The Hudson Valley Railway was formed in 1901 as the result of the consolidation of the Warren County Railway, Stillwater and Mechanicville Street Railway Company, Greenwich and Schuylerville Electric Railroad, Saratoga Traction Company, Saratoga Northern Railway, and the Glens Falls, Sandy Hill, and Ft. Edward Street Railroad Company. It provided trolley service to Warrensburg from January of 1902 through December of 1927. Addison Colvin was the first president and Thomas O'Connor, secretary. The trolley line paralleled Route 9 from Lake George (much still visible today), crossing the Schroon on a bridge adjacent to the plank road bridge and ran up the west side of Main Street to the terminus at Adirondack Avenue. A "Y" turnaround track ran adjacent to the New Adirondack Garage building. (Now parking for the building housing Warrensburg Laundry.) Electric power was provided by a company-owned generating plant on River Street utilizing the Woolen Mill dam. A yellow maintenance car was nicknamed "the Yellow Kid" after a popular cartoon character of the day in a strip called Hogan's Alley by Mickey Dugan. A 1923 timetable lists ten departures from Warrensburg daily to as far as Troy, Albany and Schenectady, with "additional service on weekends, as traffic demanded." The round-trip fare from Warrensburg to Schenectady was $3.00. As in much of America, the trolley line succumbed to competition from the automobile and buses.

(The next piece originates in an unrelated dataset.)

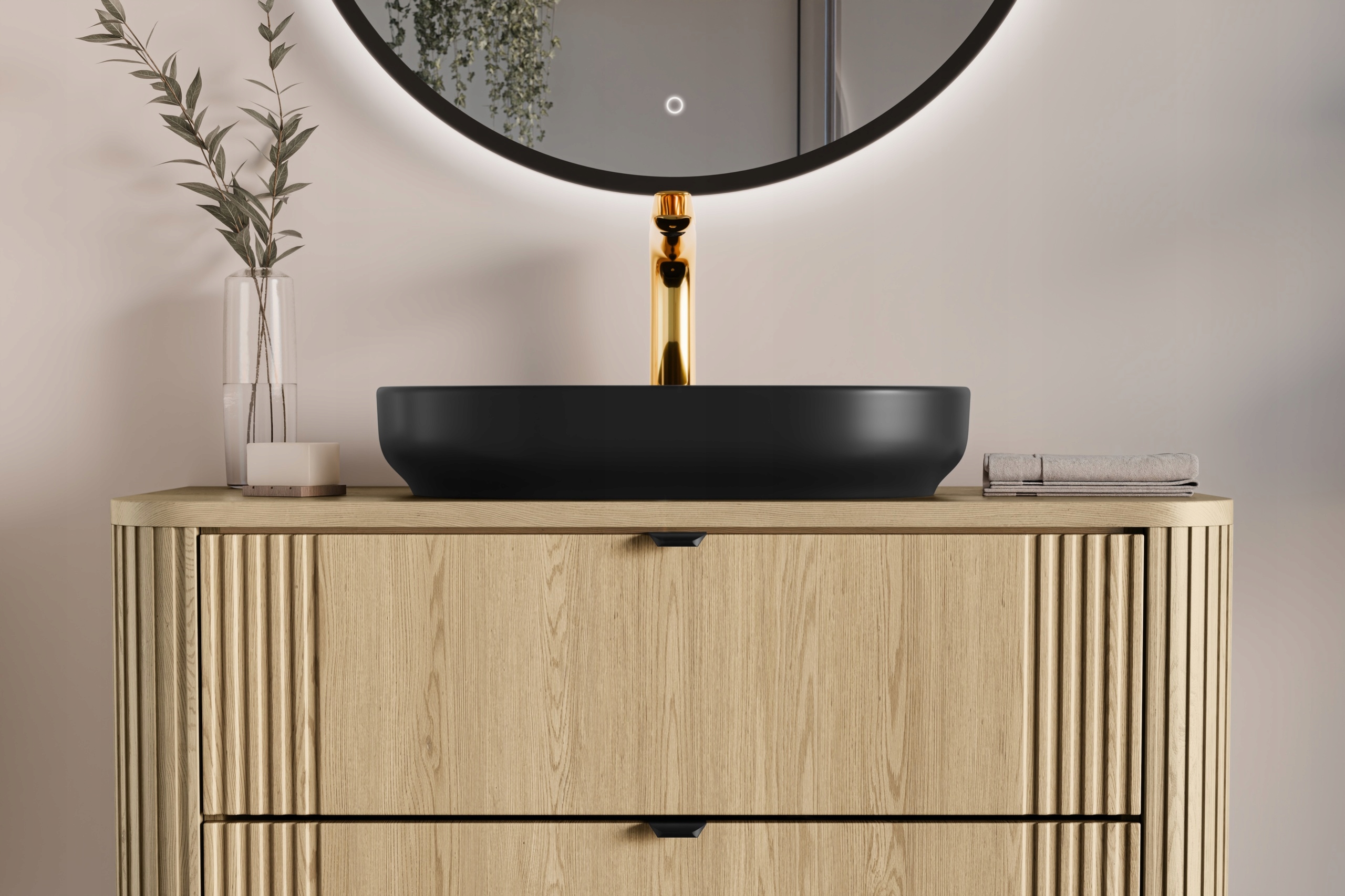 Kolekcja OVALIA CREMONA to nowoczesna propozycja inspirowana naturalnym pięknem drewna, w której elegancja spotyka się z funkcjonalnością. Szafka łazienkowa o szerokości 100 cm wyróżnia się efektownymi frezowaniami na frontach i zaokrąglonymi narożnikami, które nadają bryle harmonijny i miękki wygląd. Ciepły dekor dąb Cremona doskonale oddaje strukturę drewna, wprowadzając do łazienki przytulność, natomiast czarne, metalowe uchwyty krawędziowe tworzą nowoczesny kontrapunkt. Model wyposażony jest w dwie pojemne szuflady z systemem cichego domykania oraz blat z MDF-u, który stanowi solidną i estetyczną bazę pod umywalkę nablatową. Konstrukcja wisząca nadaje meblowi lekkości i pozwala na łatwe utrzymanie porządku w strefie umywalkowej. Całość wykonana z trwałych, certyfikowanych materiałów gwarantuje nie tylko estetykę, ale również odporność na codzienne użytkowanie. Mebel został wyprodukowany w Polsce z dbałością o każdy detal.

Stage Coach Lines. There were four stage lines in and out of Warrensburgh. The Blue Line, owned by George T. Lockwood, connected Warrensburgh to Thurman Station. It took fifty-five minutes. The Glens Falls stage, owned by Roswell B. Kenyon took you to the Lake George Station in 90 minutes, where you could get a train connection to Glens Falls.
In 1895 Roswell B. Kenyon (1852-1921) abandoned his stage line between Warrensburg and Glens Falls and engaged with the Hudson Valley Railway Company to deliver freight and express matter for the trolley line in Warrensburg and surrounding area. In 1915 he purchased a two-ton Garford auto truck from the Adirondack Garage. He made two trips a day between Warrensburg and Glens Falls. Roswell was married to Rachael Cole.